Don’t worry. I’m sure Comrade Trump can centrally plan an optimum outcome with his new Five Year Plan for the economy! MAGA!

Runner Dan
Runner Dan
7 years ago

“The U.S. was originally part of that bloc, but President Trump pulled out last year, saying the agreement would have harmed American manufacturers and workers by loosening restrictions on U.S. imports of autos and auto parts, and intensifying competition with low-wage Asian nations.”

So we are shifting historically protected profits away from farming to our long neglected, beaten down manufacturing sector. So what?! Hooray for Trump!

And while we are at (hopefully) converting the farming sector to the unprotected private sector, let’s also cut all subsidizes to it and shrink back the number of food stamp recipients from 43 million to 23 million, like it was before Obama came to office.

By the way, how many farm products come from California where water is vanishing resource? We should not be exporting our water to foreign countries.

APRnow
APRnow
7 years ago
Reply to  Runner Dan

nailed it. on ALL counts

RonJ
RonJ
7 years ago

“Beijing is alarmed by clauses in the revamped Nafta deal for North America that gives the US an effective veto if either Canada or Mexico wish to sign a future trade deal with a “non-market economy”, clearly meaning China.”

Yesterday i asked what is the goal line? Are people missing a forest, looking at the trees?

Mish
Mish
7 years ago

Why would Japam discriminate against the US?
First, that is what the treaty says since the US is not part of it.
Second, Abe wants his own military
Third Japan wants tariff reduction on cars. It can offer a reduction on ag tariffs if it gets something back

Mish
Mish
7 years ago

Yes Harmy – The TPP carved out an exception of the US sugar lobby among other things.

Stimpson
Stimpson
7 years ago

Japan was essentially forbidden to have a large army after WWII by the Allies. I’m not so sure they would be all that sad if there would be a cause to lift that part of their after WWII consitution.

gregggg
gregggg
7 years ago

Maybe the US can “negotiate” a trade deal like israel is trying to push through the US Congress right now… a “trade” deal where it becomes illegal to boycott them.

Harmy
Harmy
7 years ago

“For starters, neither CPTPP nor TPP was a free trade agreement. It’s ludicrous to call it such. 26.6% tariffs are proof enough.”
It’s a phased reduction Mish meaning that as the markets adjust tariffs will be cut further.
As for US Free Trade. Australia signed a FTA with the US which has cost us dearly. How about 25 years phased in tariff cuts for Australian sugar and dairy produce. Some FTA huh?

2banana
2banana
7 years ago

Trump to Japan. Nice hard ball you are playing.

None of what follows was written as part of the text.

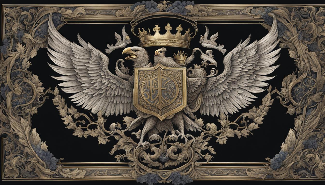 Эмблема с двуглавым орлом и короной на темном фоне символизирует власть и благородство, а величественный зал, где разворачивается театральное представление, напоминает о великолепии искусства драматургии.

We are pulling out our military from Korea and your country.

Feel free to deal with North Korea and China as you see fit.

Like tripling your defense budget. And reintroducing the draft.

Enjoy your New Zealand nutz!

pi314
pi314
7 years ago

When you talk about US-Japan trade relation, you should always mention the outsized US role in Japanese defense. Why would Japan discriminate against the US? I’m all ears.

Stuki
Stuki
7 years ago
Reply to  pi314

That outsized role, just like in Germany, was, and is, there to disincetivize Japanese manufacturers from doing to Lockheed and Northrop Grumman (and Boeing) what Honda, Toyota, and BMW, have done to Ford and GM: Reduce them to second tier hangers-on. Has nothing at all to do with “helping” neither Japan nor Germany, at least not economically.